Each record that follows should be repeated exactly, with no pictures carried over.
+ + + + +
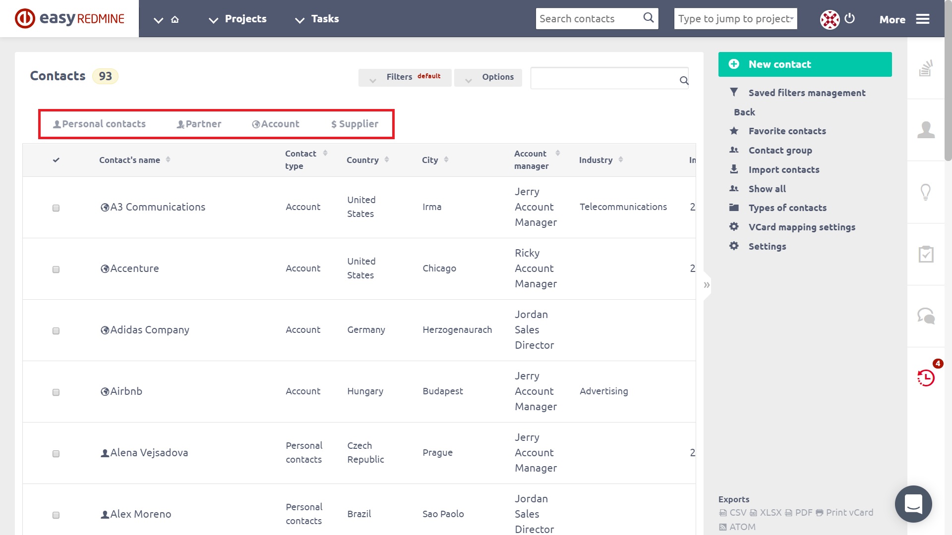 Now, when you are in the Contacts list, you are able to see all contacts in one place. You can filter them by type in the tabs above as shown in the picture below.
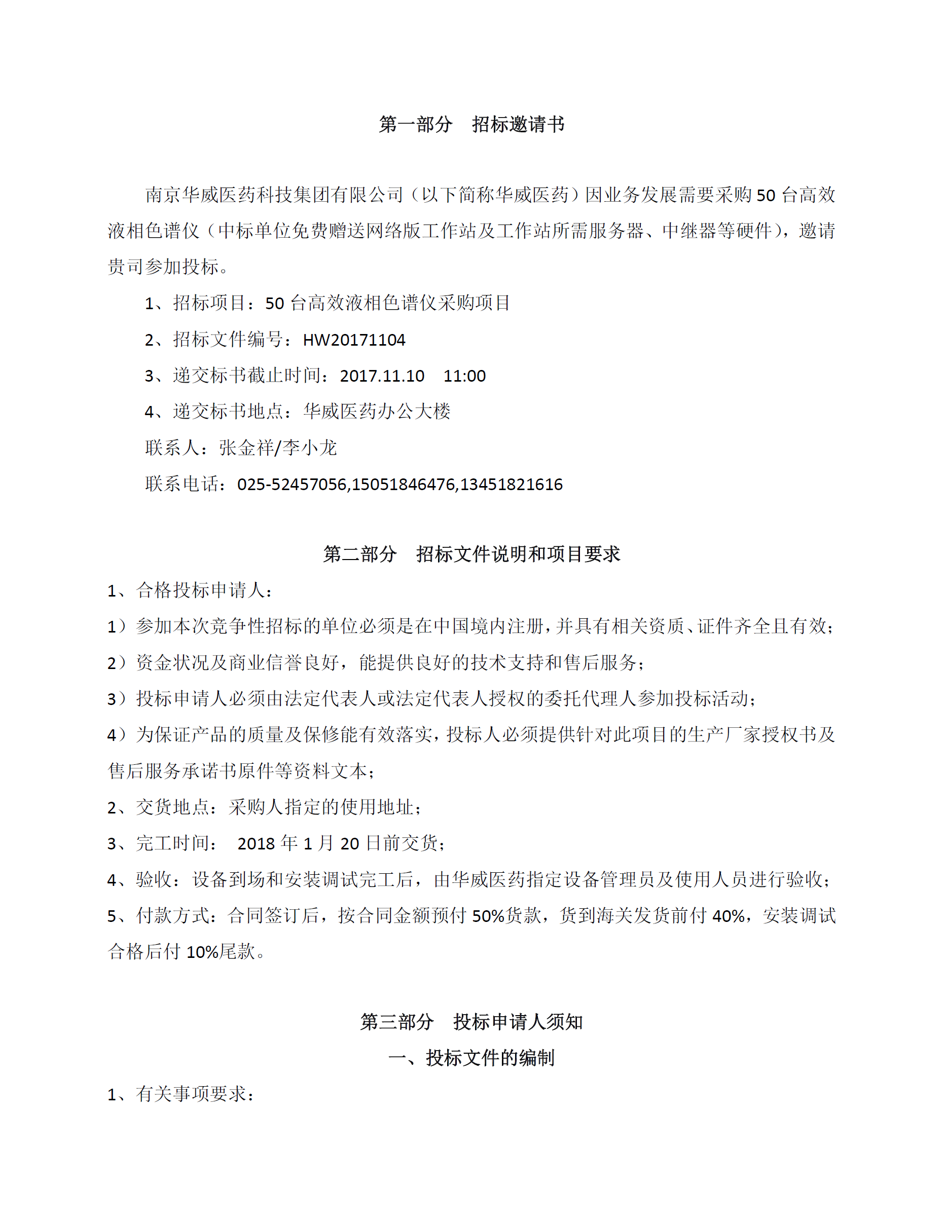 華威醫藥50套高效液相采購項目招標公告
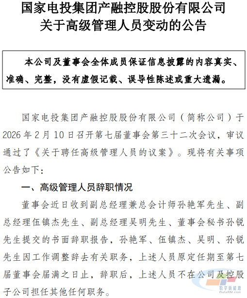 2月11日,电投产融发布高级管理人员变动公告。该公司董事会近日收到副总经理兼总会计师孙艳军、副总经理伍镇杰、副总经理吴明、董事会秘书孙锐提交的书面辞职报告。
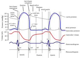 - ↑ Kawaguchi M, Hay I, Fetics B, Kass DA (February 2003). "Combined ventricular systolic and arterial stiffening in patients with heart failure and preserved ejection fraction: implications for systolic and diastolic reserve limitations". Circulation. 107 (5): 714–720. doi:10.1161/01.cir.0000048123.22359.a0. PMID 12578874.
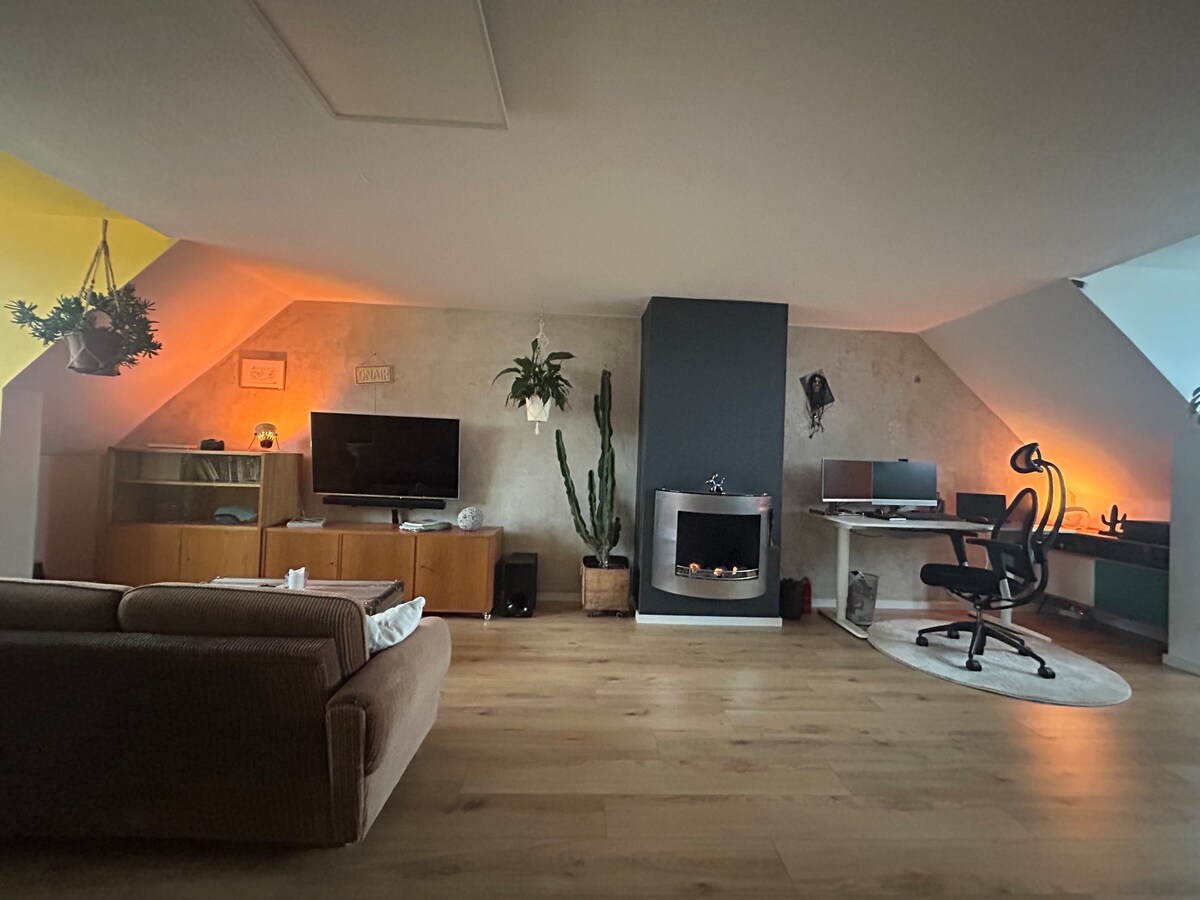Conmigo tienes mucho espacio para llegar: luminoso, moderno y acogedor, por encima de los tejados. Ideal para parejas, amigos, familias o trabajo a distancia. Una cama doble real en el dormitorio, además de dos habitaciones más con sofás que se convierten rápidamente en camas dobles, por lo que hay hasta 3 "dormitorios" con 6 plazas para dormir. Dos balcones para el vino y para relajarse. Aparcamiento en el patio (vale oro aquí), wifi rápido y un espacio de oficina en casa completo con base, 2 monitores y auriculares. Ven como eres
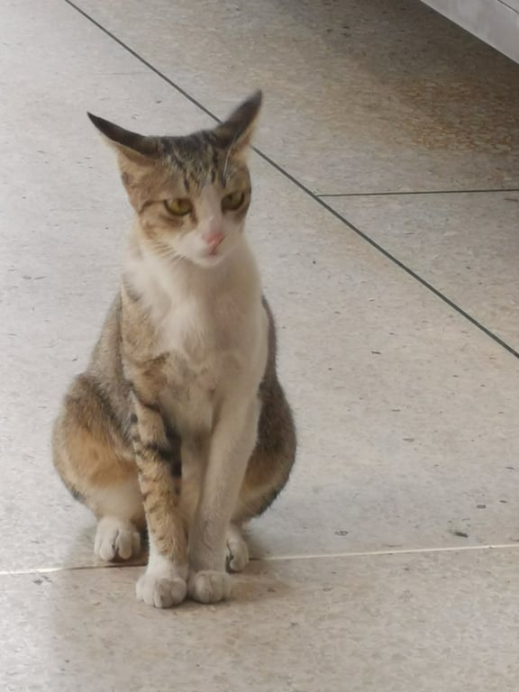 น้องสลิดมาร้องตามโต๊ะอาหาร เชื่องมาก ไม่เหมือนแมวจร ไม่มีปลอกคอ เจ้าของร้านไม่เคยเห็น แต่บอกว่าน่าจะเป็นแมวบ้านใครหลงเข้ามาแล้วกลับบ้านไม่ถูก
+ + + + +
Solution below —
 Now, when you are in the Contacts list, you are able to see all contacts in one place. You can filter them by type in the tabs above as shown in the picture below.
 華威醫藥50套高效液相采購項目招標公告
 2月11日,电投产融发布高级管理人员变动公告。该公司董事会近日收到副总经理兼总会计师孙艳军、副总经理伍镇杰、副总经理吴明、董事会秘书孙锐提交的书面辞职报告。
 - ↑ Kawaguchi M, Hay I, Fetics B, Kass DA (February 2003). "Combined ventricular systolic and arterial stiffening in patients with heart failure and preserved ejection fraction: implications for systolic and diastolic reserve limitations". Circulation. 107 (5): 714–720. doi:10.1161/01.cir.0000048123.22359.a0. PMID 12578874.
Conmigo tienes mucho espacio para llegar: luminoso, moderno y acogedor, por encima de los tejados. Ideal para parejas, amigos, familias o trabajo a distancia. Una cama doble real en el dormitorio, además de dos habitaciones más con sofás que se convierten rápidamente en camas dobles, por lo que hay hasta 3 "dormitorios" con 6 plazas para dormir. Dos balcones para el vino y para relajarse. Aparcamiento en el patio (vale oro aquí), wifi rápido y un espacio de oficina en casa completo con base, 2 monitores y auriculares. Ven como eres
 น้องสลิดมาร้องตามโต๊ะอาหาร เชื่องมาก ไม่เหมือนแมวจร ไม่มีปลอกคอ เจ้าของร้านไม่เคยเห็น แต่บอกว่าน่าจะเป็นแมวบ้านใครหลงเข้ามาแล้วกลับบ้านไม่ถูก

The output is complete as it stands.